Take A Bite Out Of Apple
Apple recently took another step toward its goal of total consumer-entertainment dominance when it struck deals to offer major Hollywood studio movies via its online iTunes Store at the same time those movies hit the video shelves at Blockbuster.
So now, millions of consumers with those now-famous white earplugs affixed to their heads, listening to the latest Jordin Sparks tune, will also be able to download American Gangster to their iPods at the same time the movie hits their mailboxes via Netflix.
Apparently, the studios no longer believe distribution via the Web or other alternative platforms at the same time those titles come out on DVD will hurt the multibillion-dollar DVD-rental business.
Of course, the Apple deal in itself is a lucrative one for the studios — they will reportedly get $16 per title from Apple, which will charge customers $14.99 for an iTunes movie purchase.
But if the studios are allowing Steve Jobs to offer movies day-and-date with the home-video industry via broadband, then it should be only a matter of time before they offer the same service to Steve Burke, James Dolan and other cable operators for their respective on-demand services.
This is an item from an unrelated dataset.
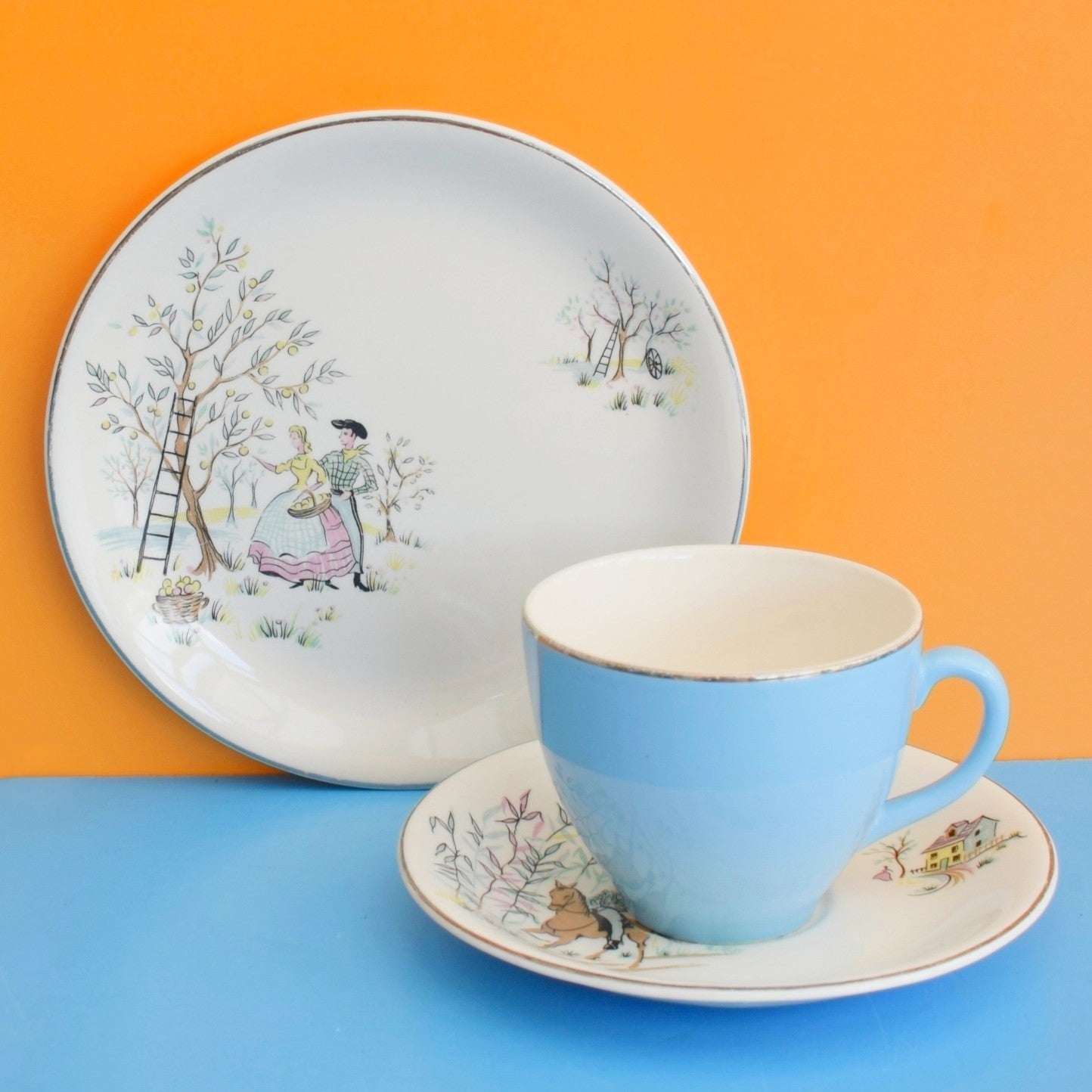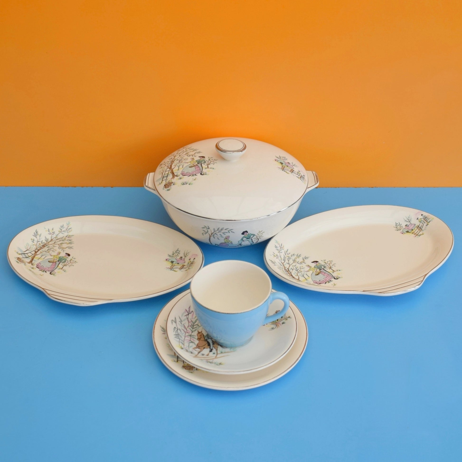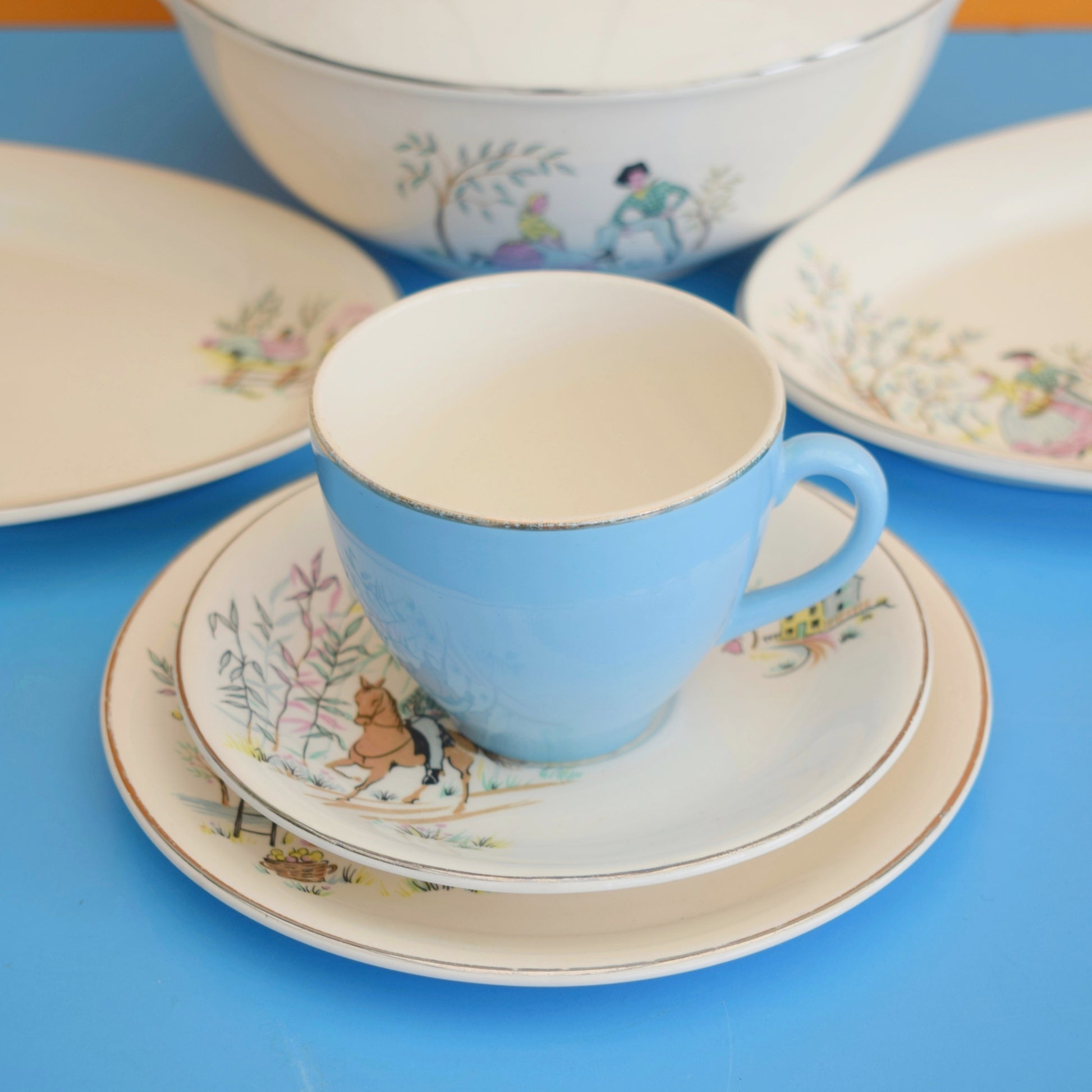 The blue cup is not original to the set, but co-ordinates nicely, and is of the same period

The fact that it hasn’t happened yet is somewhat perplexing. The industry has been lobbying for a level playing field with home-video retailers for more than a decade. What better way to deliver the studios’ best and most popular titles to consumer homes than via a set-top box and remote control?
There’s no trekking down to the video store to return your Juno rental; no need to get up off your couch to drop the Cloverfield rental CD in the mailbox. Just push a button and the digitally enhanced — and, more commonly, high-definition — movie appears on your television set. And you don’t have to wait 30 minutes to an hour — the reported lag time for some consumers downloading a two-hour movie from iTunes— to download a movie.
Yet too many studios still believe that rolling out blockbuster movie titles to Comcast On Demand and Best Buy simultaneously will be the death knell for its lucrative $24.2 billion DVD business.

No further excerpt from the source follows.